I have noticed when some folks reply to, let's say a new member's roll call post, they click "Reply" on the latest entry from another member, NOT the original newbe's post.

Really don't matter, but it makes it hard to keep track of who's saying what to whom for me. Then again, I'm easily confused


----------



## deejaydebi (Sep 8, 2007)

Maybe they're adding a comment to the comment?


----------



## chadpole (Sep 8, 2007)

What you are seeing is a member has mentioned something that struck a nerve on someone else so you click their quote so you can respond to that comment. Debi had it right. We don't try to hijack the thread just try and make a comment on someone's side of things. I hope you know what I mean, it's hard for me to express myself.


----------



## meowey (Sep 8, 2007)

The quick reply and post reply seem to do the same thing, except that Post reply gives you the advanced editing tools.  The quote button puts the  specific message in quotes in the reply.  Most times a quick reply is all that's needed unless you wish to respond to something specific that's been posted.

Hope this helps!

Take care, have fun, and do good!

Regards,

Meowey


----------



## richtee (Sep 8, 2007)

All i ask is that you reply to the post you are commenting on. How many "welcome" posts are directly attached to other "welcome" posts...alot.
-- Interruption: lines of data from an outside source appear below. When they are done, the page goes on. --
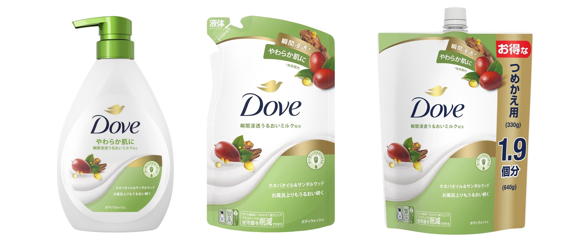 今回の大型リニューアルに際し、洗うだけで“やわらか肌”を叶える「ダヴ ボディウォッシュ ホホバオイル&サンダルウッド」が新登場します。瞬間浸透※1うるおいミルクに加え、オーガニックホホバオイルを配合し、身体をたっぷり保湿して思わず触りたくなるなめらかな“やわらか肌”を叶えます。上品で心やすらぐホホバオイルとサンダルウッドの香り(香料配合)に包まれながら、毎日のお風呂時間で至福のリラックスタイムをお過ごしください。
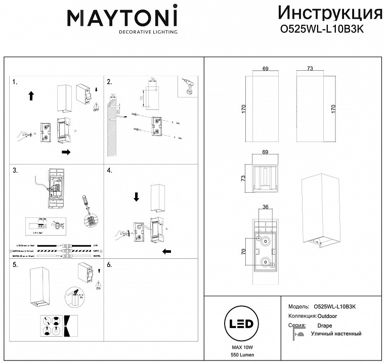 Накладной светильник Maytoni Outdoor Drape O525WL-L10B3K
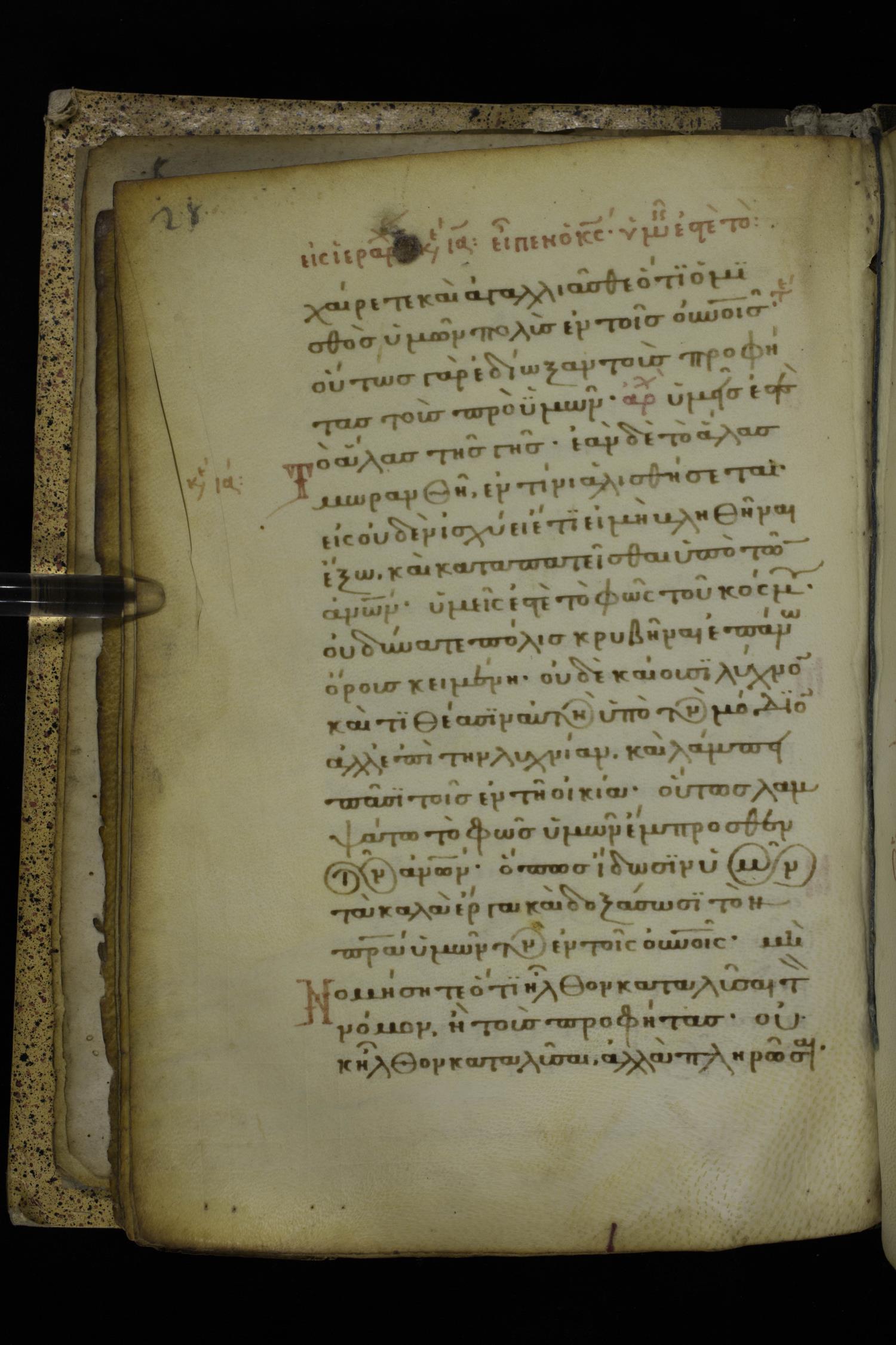 Fourteenth century minuscule of the Gospels on parchment; 332 leaves, 1 column, 21 lines per column. Images were taken at the National Library of Greece in Athens.
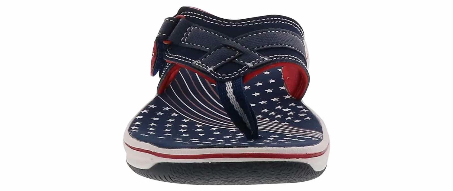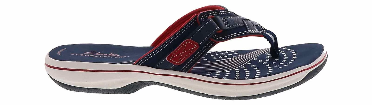 Show your pride and stay comfortable with the Clarks Breeze Sea Cloudsteppers Women’s Sandal! This comfort sandal features an open-toe layout and a hook-and-loop closure that is perfect for on-the-go errands. The cushionsoft footbed supports every step, while the durable outsole provides all the traction you need. The Clarks Breeze Sea Cloudsteppers Women’s Sandal is the best choice to keep you cool and relaxed on warm summer days!

Don't comment on my comment unless you mean to, which I welcome, BTW.

/rantoff/


----------



## flagriller (Sep 8, 2007)

This is why I drink heavely, 
	

	
	
		
		



		
		
	


	





 because in the grand scheam of things, it doesn't matter. 
	

	
	
		
		



		
		
	


	





 So move forward


----------



## gypsyseagod (Sep 8, 2007)

i can only explain my replies this way- i've had heat stroke.. sometimes w/ the heat,bbqing,working & a few drinks- etc... i may not always make sense... or i may reply to something & be profound but get "baby interrupted" & try to finish a post 3 hrs later & it won't make sense @ all... then the next day i read my previous post & sound like a moron to myself so i just stay away fer a day....but i always try to be helpful & lucid... like w.c. fields once said... i may be silly but hopefully i'm always entertaining....


----------



## blackhawk19 (Sep 8, 2007)

I don't have a clue 
	

	
	
		
		



		
		
	


	





 I always use post reply unless I want to quote somebody
that has replyed to the same post. Color me stupid but I don't see a problem


----------



## smokin for life (Sep 8, 2007)

Have you ever seen that Geico comerical where the caveman just answers the question by saying "WHAT" that's how I feel right about now.


----------



## richtee (Sep 9, 2007)

I been BBS'in too long. Undoubtedly this is related to the entropy theory, and I just need to accept it.

There.

"Now was that so bad?"

Guess not.

"OK, well get on with it already"

Somewhere there is a sandwich!

"Ask not for whom the bell tolls, eh?"

Geshundheit!


----------